Outline of the XML structure in XML. The example crossword XML above follows this form.

<?xml version="1.0" encoding="utf-8"?>
<puzzle>
    <crossword language="en">
        <metadata>
            <title>"Title of Crossword"</title>
            <date>month DD, YYYY</date> 
            <creator>By John Smith</creator>
            <rights>Copyright, ...</rights>
            <publisher>Houston Chronical</publisher>
            <identifier>http://www.example.com/puzzles/crossword.puz</identifier>
            <description>Puzzle of type Crossword and style American in language English. 

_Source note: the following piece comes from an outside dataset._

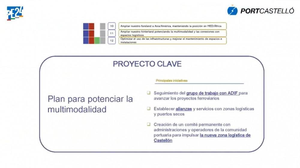 Para alcanzar estos objetivos se ha diseñado un plan que potencia la multimodalidad mediante iniciativas como el seguimiento del grupo de trabajo con ADIF para avanzar los proyectos ferroviarios, el establecimiento de alianzas con zonas logísticas y puertos secos y la creación de un comité permanente con administraciones y operadores de la comunidad portuaria para impulsar la nueva zona logística de Castellón.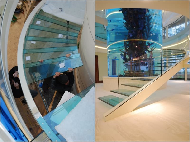 Estas imágenes tienen que ver con una alucinante escalera helicoidal de vidrio que se montó para una residencia de lujo. Aportamos también detalles que enseñan algo del “cómo se hizo”.

            Format .xml following schema http://www.kooonts.com/some/dir/crossword.</description>
        </metadata>
    
        <american>
            <grid rows="15" columns="15">
                <letter id="1,1">W</letter>
                <letter id="1,2">O</letter>
                <letter id="1,3">R</letter>
                <letter id="1,4">D</letter>
                <letter id="1,5">A</letter>
                <letter id="1,6">C</letter>
                <letter id="1,7">R</letter>
                <letter id="1,8">O</letter>
                <letter id="1,9">S</letter>
                <letter id="1,10">S</letter>
                <blank></blank>
                <letter id="1,12">W</letter>
                ...
            </grid>
                
            <clues>
                <across cellid="1,1">Clue text</across>
                <across cellid="1,12">Clue text</across>
                <across cellid="2,1">Clue text</across>
                ...
                <down cellid="1,1">Clue text</down>
                <down cellid="1,2">Clue text</down>
                <down cellid="1,3">Clue text</down>
                ...
            </clues>
        </american>
    </crossword>
</puzzle>

A puzzle can be of type 'crossword', the language is specified (according to XML Language Identification xml:lang tag). A crossword has 'metadata' and 'style'. The metadata can contain various fields and must have a title, and creator. the 'style' contains the grid and clue informtion. a style can be 'American', 'French', ..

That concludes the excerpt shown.